Özel görelilik teorisine (SRT) göre, şu fenomen gerçekleşir: gözlemciye göre ışık hızında hareket eden bir nesnede zaman 3 kat yavaşlar. Ders kitapları (ve internette tam), zaten bir klasik haline gelen ikizlerin paradoksunu anlatıyor.

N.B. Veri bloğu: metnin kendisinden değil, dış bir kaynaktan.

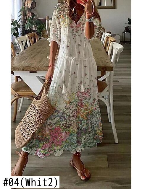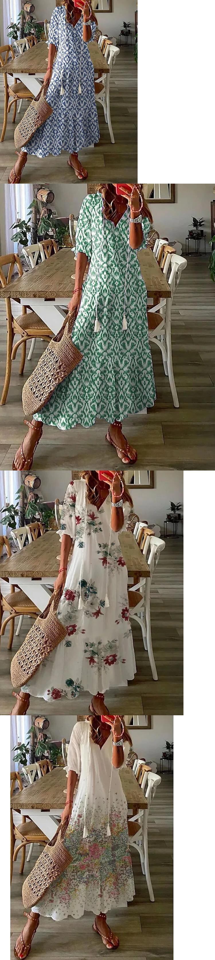 送料無料 女性ヴィンテージロングドレス 2023 夏ボヘミアンプリント V ネック半袖ドレス巾着レースアップルースビーチドレスローブ ハーフスリーブ サマー 夏物 Vネック ビンテージ AE1212332277725611363
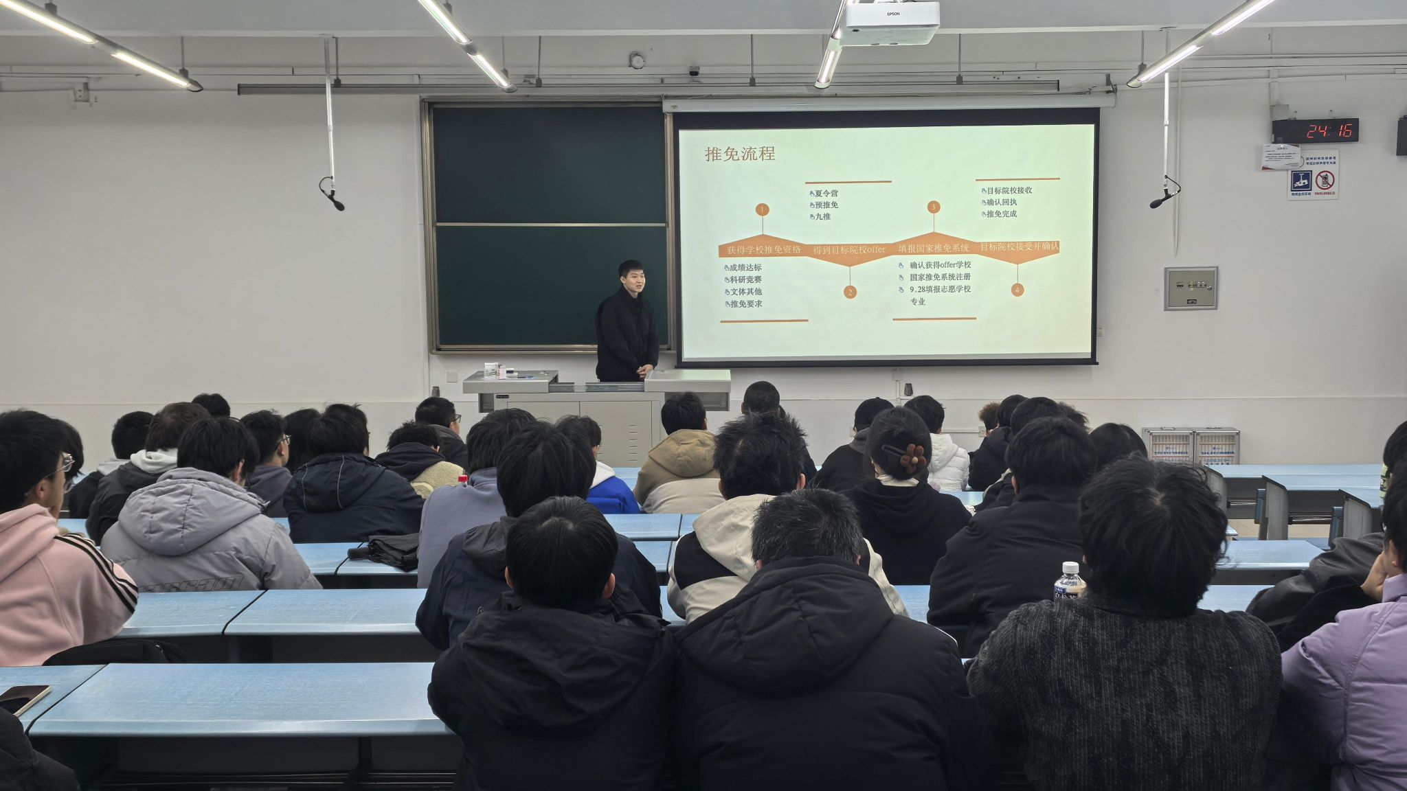 赵高建,高分子2021-01班本科生,中共预备党员,推免至中国科学技术大学,曾获中国国际大学生创新大赛(2023)铜奖,全国大学生生命科学竞赛省级二等奖等。赵同学就自我提升、科研探索等方面,强调成就优异学业基础的同时,参与科研项目,发掘内在潜能,塑造核心竞争力。学长还分享了精准选定心仪高校、精心准备申请资料及展示个人特质的方式,以及如何在面试环节中脱颖而出等经验干货。

Bir zamanlar iki ikiz kardeş vardı - Vasya ve Petya ve 20 yaşındaydılar. Şuna benziyordu:
Ve bir gün Petya uzak yıldızlara uçmayı kafasına soktu. Vasya ve tüm arkadaşları, tüm insanlar Dünya gezegeninde kaldı ve Petya bir rokete girdi ve uçtu. Hızla ışık hızına eşit bir hız aldı ve uçtu. Direkt Dünya'dan uçtu sonra yoruldu ve geri uçtu ve aynı kardeşin ve diğer tüm insanların onu beklediği meydana çıktı.. :)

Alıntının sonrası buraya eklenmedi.